CG Animation Pioneer Lillian Schwartz Dies at 97

Lillian Schwartz, a pioneering animator and one of the few people who regularly produced CG animated films in the 1970s, died last Saturday in New York at the age of 97.

Schwartz was already an artist when she was invited to work at AT&T's Bell Labs. Bell Labs was a center for industrial research and scientific development that led to numerous technological breakthroughs in the 20th century, and from the late 1960s she worked there as an artist-in-residence, collaborating with research scientists such as Ken Knowlton to create computer-based animated films and still She created digital art of computer-generated animated films and still images.
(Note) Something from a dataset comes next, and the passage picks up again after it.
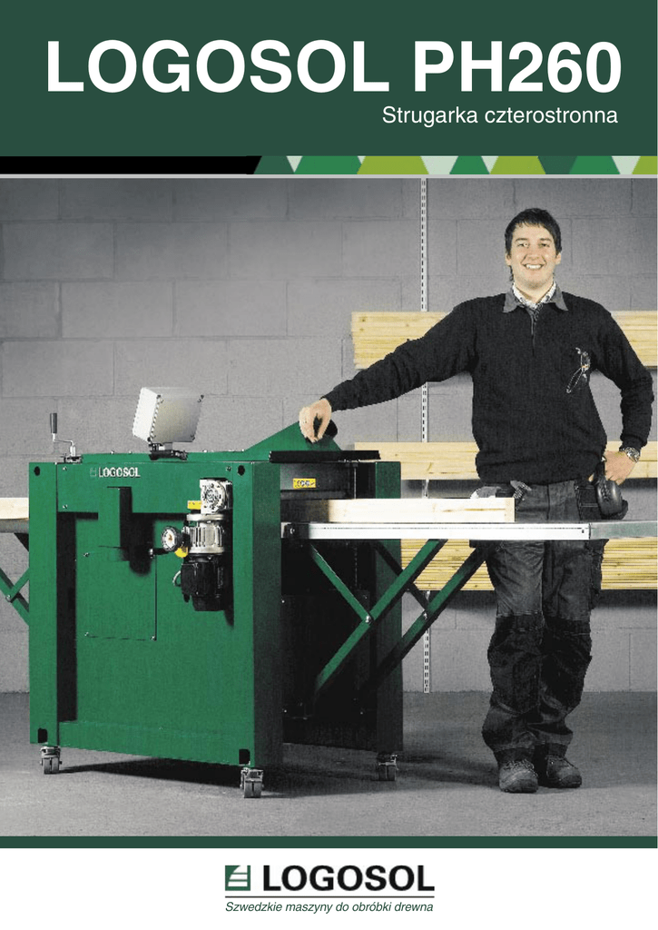 LOGOSOL PH260 Strugarka czterostronna Szwedzkie maszyny do obróbki drewna STRUGANIE STABILNOŚĆ�� Wykonuje wszystko podczas jednej operacji ! Czterostronna strugarka PH260 wygładza i profiluje z czterech stron jednocześnie, spełniając przy tym wysokie wymagania co do jakości strugania i tempa pracy. Jedyną różnicą pomiędzy strugarką PH260 a tradycyjnymi strugarkami wielostronnymi jest umiejscowienie głowic poziomych. Znajdują się one na początku i końcu maszyny. Takie umiejscowienie zapewnia nadzwyczajną stabilność nawet wtedy, gdy zachodzi konieczność używania bardzo szerokich noży. Dolna głowica, oraz boczne, zamontowe są na solidnym żeliwnym stole, którego powierzchnia charakteryzuje się niskim współczynnikiem tarcia. Konstrukcja strugarki wykonana jest z 4mm grubości stalowej blachy. STRUGANIE POWIERZCHNIA Gładka jak to tylko możliwe ! Powierzchnia obrobionego na strugarce PH260 materiału, prezentuje się tak jak gdyby wykonana była na drogiej przemysłowej maszynie. Jedyną przewagą droższej maszyny przemysłowej jest jej prędkość. Przy pomocy strugarki PH260 możesz obrabiać około 500 metrów metriału na godzinę. Pięć wałków prowadzących, umieszczonych blisko głowic, zapewnia doskonałe prowadzenie. Ciężki stół roboczy, redukujący wibracje, oraz bezstopniowa regulacja prędkości gwarantują wysoką jakość produktu finalnego. STRUGANIE Na dzień dzisiejszy strugarki PH260 używane są w: • Tartakach, których obróbka końcowa jest uzupełnieniem oferty. • Zakładach stolarskich. • Składach, które wytwarzają i sprzedają swoje własne wyroby. • Firmach budowlanych. • Małych rodzinnych firmach. • Rolnictwie i leśnictwie. • Przemyśle, wykorzystującym materiały plastyczne, płyty MDF itp. ZŁOTO Wyrafinowanie drewna przynosi zysk! Wielu z naszych klientów używa strugarek tylko do własnych potrzeb. Niektórzy zakładają małe spółki i sprzedają wytworzone przez siebie wyroby na lokalnych rynkach. Przy odpowiednim wykorzystaniu możliwości strugarki PH260 koszty zakupu i utrzymania bardzo szybko się zwracają. Największą grupą klientów, są małe zakłady stolarskie oraz składy oferujące materiały dla stolarzy. Maszyna jest dobrze przstosowana do produkcji krótkich serii. Bardzo łatwo można zmienić noże profilujące. STRUGANIE PROFILE Szeroki wybór profili! Możesz wybierać z pośród szerokiej gamy standardowych noży profilujących. Możesz stworzyć swój własny niepowtarzalny wzór. Zaprojektuj go i prześlij do nas, a my zrobimy go dla Ciebie! Możliwści głowic są zdumiewające. Wymiana noży profifujących jest bardzo łatwa. Mogą wycinać piękne głębokie profile nawet wtedy, gdy obrabiany materiał będzie krzywy lub niskiej jakości. Łatwe ustawianie. Podziałka wyskalowana co 0.1 mm. Każdy z pięciu silników uruchamiany oddzielnie. Średnica wrzecion 30 mm. Czas montażu 10-20 min. Bezstopniowa regulacja prędkości posuwu. 6000 obr/min zapewnia gładką powierzchnię Łatwe ustawianie. Podziałka wyskalowana co 0.1 mm. Obserwacja procesu obróbki przez okno w górne pokrywie Szeroka gama noży profilujących. Czterostronna strugarka PH260 Panel sterujący Każdy z pięciu silników uruchamiany oddzielnie Okno Obserwacja całego procesu obróbki. Regulacja prędkości Dostępna w dwóch wariantach 2-12 m/min lub 4-24 m/min. Łatwe ustawianie Przyjazna użytkownikowi podziałka wyskalowana co 0.1 mm. Stoły (opcja) Zrobione z jednego arkusza blachy. DANE TECHNICZNE STRUGANIE 4 STRONNE Wysokość: 10-100 mm Szerokość: 15-260 mm STRUGANIE 2 STRONNE Wysokość: 10-230 mm Szerokość: 300 mm Głowica górna Średnica: 72 mm Szerokość: 410 mm Moc silnika: 3 kW Liczba obrotów: 6000 obr/min Głębokość strugania: max. 8 mm Głębokość profilowania: max.10 mm Głowica dolna Średnica: Szerokość: 72 mm 410 mm Moc silnika: 3 kW Liczba obrotów: 6000 obr/min Głębokość strugania: 0-4 mm Głębokość profilowania: 5 mm Głowice boczne Średnica wrzeciona: 30 mm Wysokość: max.100 mm Średnica: max.140 mm Moc silnika: 3 kW Liczba obrotów: 6000 obr/min Głębokość profilowania: max.30 mm Standardowe głowice boczne Typ: TB90 Średnica: 90 mm Wysokość: 40 mm Posuw Moc silnika: Prędkość posuwu standard: opcja: 0,18 kW 2-12 m/min 4-24 m/min System elektryczny Zabezpieczenie przeciwwilgociowe: IP54 Moc całkowita: 12,2 kW Zasilanie: 3-fazy, 380 V, 16A Wymiary Długość: Szerokość: Wysokość: Waga: 1100 mm 900 mm 970 mm 370 kg Więcej informacji dostepnych na naszej stronie: www.logosol.pl Szwedzkie maszyny do obróbki drewna FHU LOGOS ul.Mickiewicza 11 67-100 Nowa Sól tel/fax (068) 387 43 80 tel.kom. 0604 90 77 04 e-mail: [email protected] Dzięki produktom Logosol możesz tworzyć profile jakie tylko zapragniesz. Możesz otworzyć własną działalność gospodarczą i być szefem dla samego siebie ! Oferujemy urządzenia zaspokajające potrzeby naszych klientów i dające się łatwo rozbudowywać. Już w podstawowa konfiguracja maszyn oferuje użytkownikowi szeroki zakres możliwości. Jesteśmy dumni z tego, że produkty Logosol bardzo często Wybierając Logosol masz gwarancję, że zawsze stawiane są jako wzór w porównaniach z innymi otrzymujesz produkty najwyższej jakości. producentami! Jesteśmy pewni naszych produktów w 100%! Logosol - Światowy lider produkcji maszyn do obróbki drewna na małą skalę

Her first film, Pixillation, produced with Nolton's help, was a few lines of computer-generated black and white textures mixed with colored hand animation, and her follow-up, UFOs 1971, was entirely computer generated. Her work was always experimental, and she used a wide variety of techniques, including computer lasers, found objects such as cancer radiation therapy images, computer motion control programs, and various software programs developed at Bell Labs. She was a pioneering multimedia digital artist long before the term “digital artist” existed.

In recent days, numerous obituaries have appeared detailing her life and work, including in The New York Times and Artforum.

On her website, restored versions of many of her works can be seen.